Beschrijving van symbionten

Ze zijn over de hele aarde verspreid en kunnen even goed groeien in koud rotsachtig terrein als in hete woestijnen. Hun kleur kan de meest uiteenlopende kleuren hebben: rood, geel, wit, blauw, bruin, zwart. Het mechanisme van korstmosvorming is niet volledig begrepen. Maar met nauwkeurigheid kunnen we zeggen dat hun vorming wordt beïnvloed door zonlicht. Er zijn schaal-, fruticose- en bladkorstmossen. De thalli van de eerste zijn vergelijkbaar met een korst die stevig aan het substraat hecht. Ze zijn klein (tot 2-3 cm), versmelten met elkaar, groeien op het oppervlak van boomstammen en rotsen en vormen conglomeraten met een diameter van tientallen centimeters. Bossig - meer ontwikkelde organismen die verticaal groeien en enkele meters hoog kunnen worden. Maar in dit artikel gaan we dieper in op het tweede type.organismen, het uiterlijk en de structuur van lommerrijke korstmossen, die in hun vorm op de bladeren van bomen lijken.

soorten foliose korstmossen
soorten foliose korstmossen

Wat zijn de structurele elementen van

Thallus of thallus is een integraal onderdeel van eencellige of meercellige schimmels, mossen en korstmossen. In vergelijking met planten, dan zijn het voor hen hun jonge groene takken. De thalli kan bladvormig of bossig zijn.

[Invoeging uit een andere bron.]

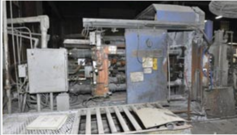
PRINCE 450-Ton Horiz. Cold Chamber Alum. High Pressure Die Casting Machine

Gifa is een draadvormige formatie die lijkt op een spinnenweb. Het is meerkernig en meercellig. En het is ontworpen om voedingsstoffen en water op te nemen en kan, net als een web, worden gebruikt om andere organismen te vangen (bijvoorbeeld roofdierpaddenstoelen).

Substraat is het oppervlak waarop het object is bevestigd. Het is ook een broedplaats voor sommige planten en korstmossen.

Parmelia foliose korstmos
Parmelia foliose korstmos

Uiterlijk van bladachtige korstmossen

Ze hebben een ronde thallus, bladvormig en lamellair, soms bestaande uit een of meer delen. En hyfen groeien langs de randen of langs de straal van de cirkel. Bladkorstmossen hebben de vorm van een gelaagde plaat die zich op een horizontale manier op het substraat bevindt. De juistheid van de vorm van de thallus hangt af van het oppervlak van het substraat. Hoe gladder het is, hoe ronder het korstmos eruit zal zien.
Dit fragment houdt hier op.